Scientific classification
- Kingdom: Animalia
- Phylum: Arthropoda
- Subphylum: Chelicerata
- Class: Arachnida
- Order: Araneae
- Infraorder: Araneomorphae
- Family: Lycosidae
- Genus: Arctosa
- Species: A. littoralis
- Binomial name: Arctosa littoralis (Hentz, 1844)

= Arctosa littoralis =

- Genus: Arctosa
- Species: littoralis
- Authority: (Hentz, 1844)
- Conservation status: G5

Species of spider

Arctosa littoralis, the beach wolf spider, is a species of wolf spider in the family Lycosidae.

==Description==
These spiders have mottled white, gray, or brown bodies that enable them to camouflage against sand. Females tend to be slightly larger, with an average body length (excluding legs) of 11.2 to 14.7 mm, compared to 9.6 to 12.8 mm for males.

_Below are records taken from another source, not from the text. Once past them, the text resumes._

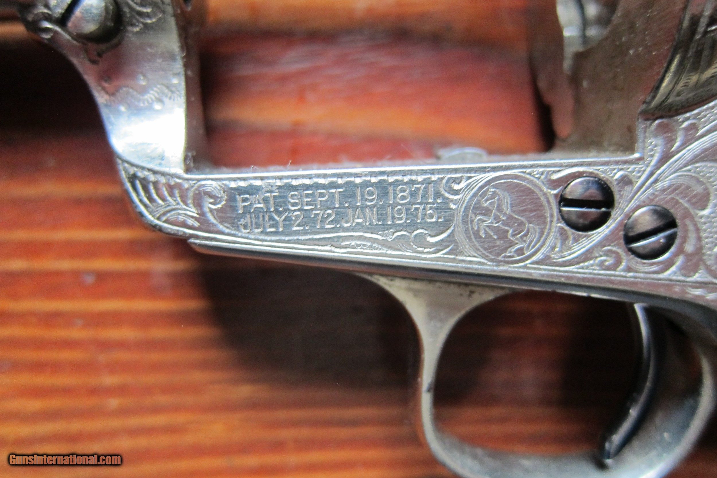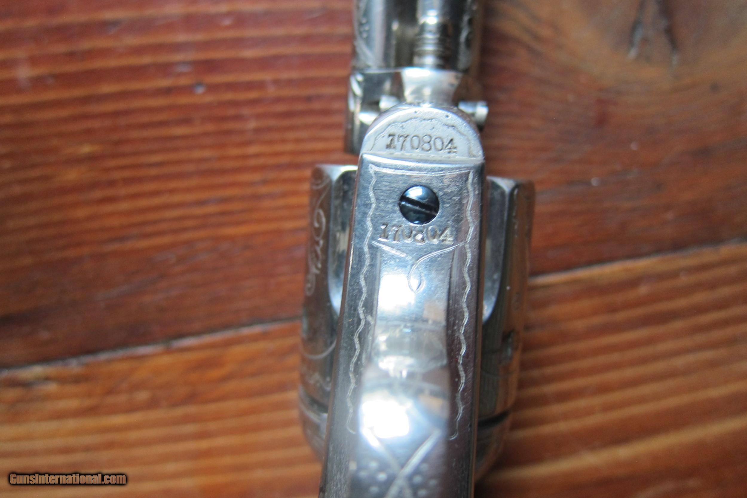 Description: Here's an interesting old Colt from the late 1800's that was sent in a single shipment to Sherman, Texas. As stated in its Colt letter it was nickel plated and engraved by the New York group headed by the world famous Cuno Helfricht. Whether he ever touched the pistol is open to question but certainly he oversaw the work and authorized its delivery under his name as most of these pistols were actually treated back then. As can be seen in the photographs some of the nickel plating has flaked slightly and worn in many places especially around the inner surfaces of the frame near the barrel. Most of this being due to the black powder being used at the time. There is also a well repaired crack in the right pearl grip. The bore has slight corrosion in the depths of the grooves but is otherwise bright and shiny. The action is smooth and way better than you see in most old Colts with the hammer notches being well preserved and functioning normally. The bore to cylinder line up is excellent in all chambers according to a bore scope. All the serial numbers match and the gun appears as is recorded in its letter. Being the only gun in the shipment to Texas in 1897 would always invite the question of who the actual buyer might have been. A careful investigation of the matter might be quite exciting and would be even more so if that person could be identified. Please take a look at the pictures and I thank you for your interest up to this point. Any questions I'll try and answer via email. SOLD Antique: Yes |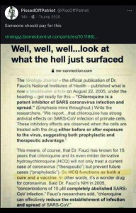 On a recent broadcast Dennis Prager put it well that we aren’t hurt taking HCQ with the risk near zero and death is pretty much final when you die from Covid; in fact Norway has a crimes against humanity case at the Hague regarding those who have suppressed the use of HCQ. Even the Saint of DC, Anthony Fauci, recommends this regimen to cure and prevent/prophylactic the Plague.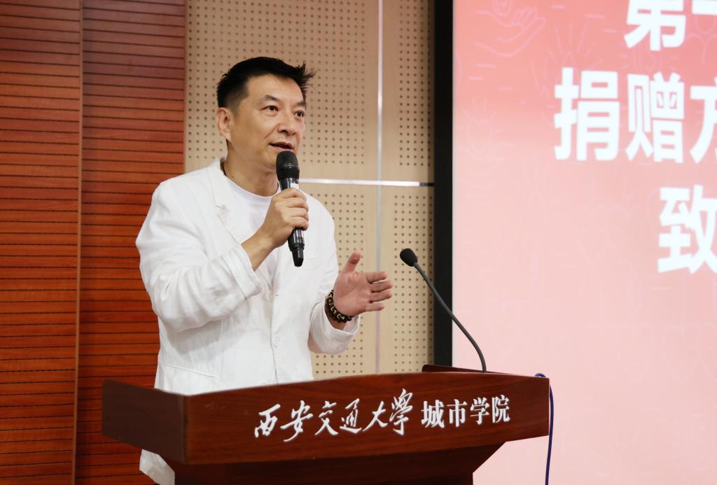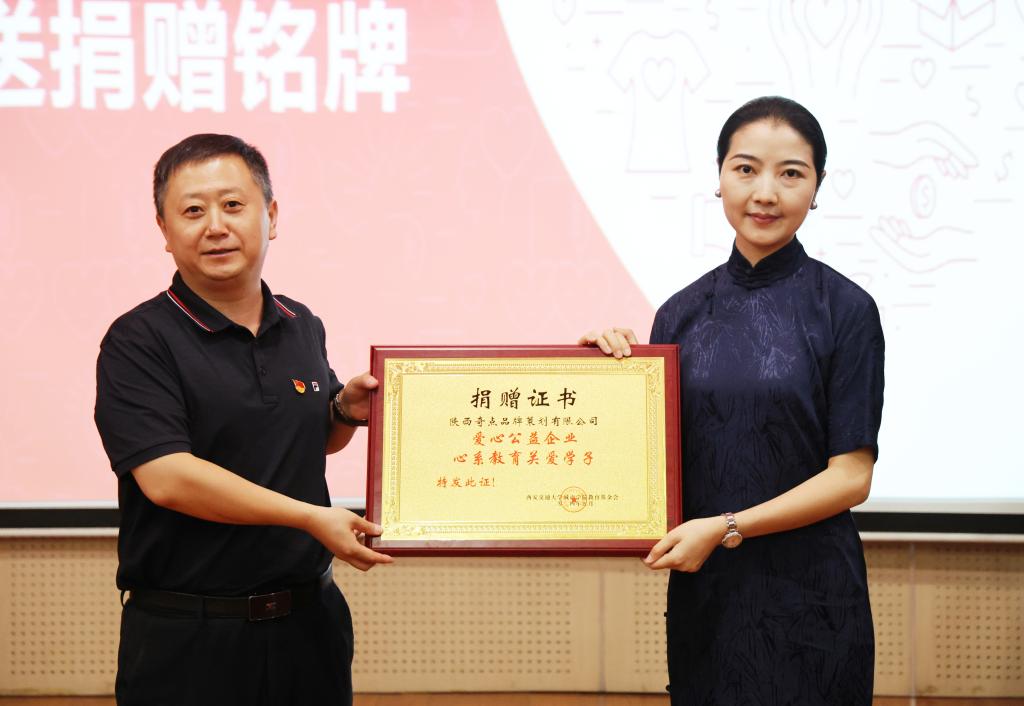 在捐赠仪式上,吕越涛介绍了公司的基本情况和未来发展愿景。他表示,此次会议的召开将是双方合作共赢、创新发展的新起点。今后,双方将以此为契机,积极探索高等学校与陕西奇点品牌策划有限公司的产学研合作新模式,实现人才、信息资源共享,共同推动文化产业的不断发展。解安宁教授向捐赠方关爱学子、心系教育的慷慨之举表示感谢。他对艺术与设计学院进行了介绍并表示全院师生在今后的工作、学习中,将用积极向上的学习态度和优异的成绩回报爱心企业、回馈社会。学生工作处处长兼教育基金会秘书长辛红伟代表基金会接受捐赠,并向捐赠方授予捐赠铭牌。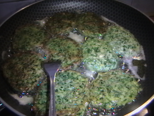 یک عدد سیب زمینی متوسط بهمراه یک عدد پیاز -رنده ی دنده ریز شده -همراه چهار عدد تخم مرغ و نمک و فلفل و زرد چوبه - به حبوبات ساییده شده اضافه می شود.

==Habitat and distribution==
A. littoralis is found in sandy substrates within scrub habitats, grass-shrub associations, seashores, riverbanks, and lakes across North and Central America.

==Behavior==
They are active during both daylight and nighttime hours. Females typically store their egg sacs under rocks or within burrows, which they can construct by bonding grains of sand together with their silk. Once they hatch, the spiderlings are carried on their mother's back until they molt and disperse. Like other wolf spiders, A. littoralis chases and attacks prey and does not spin webs.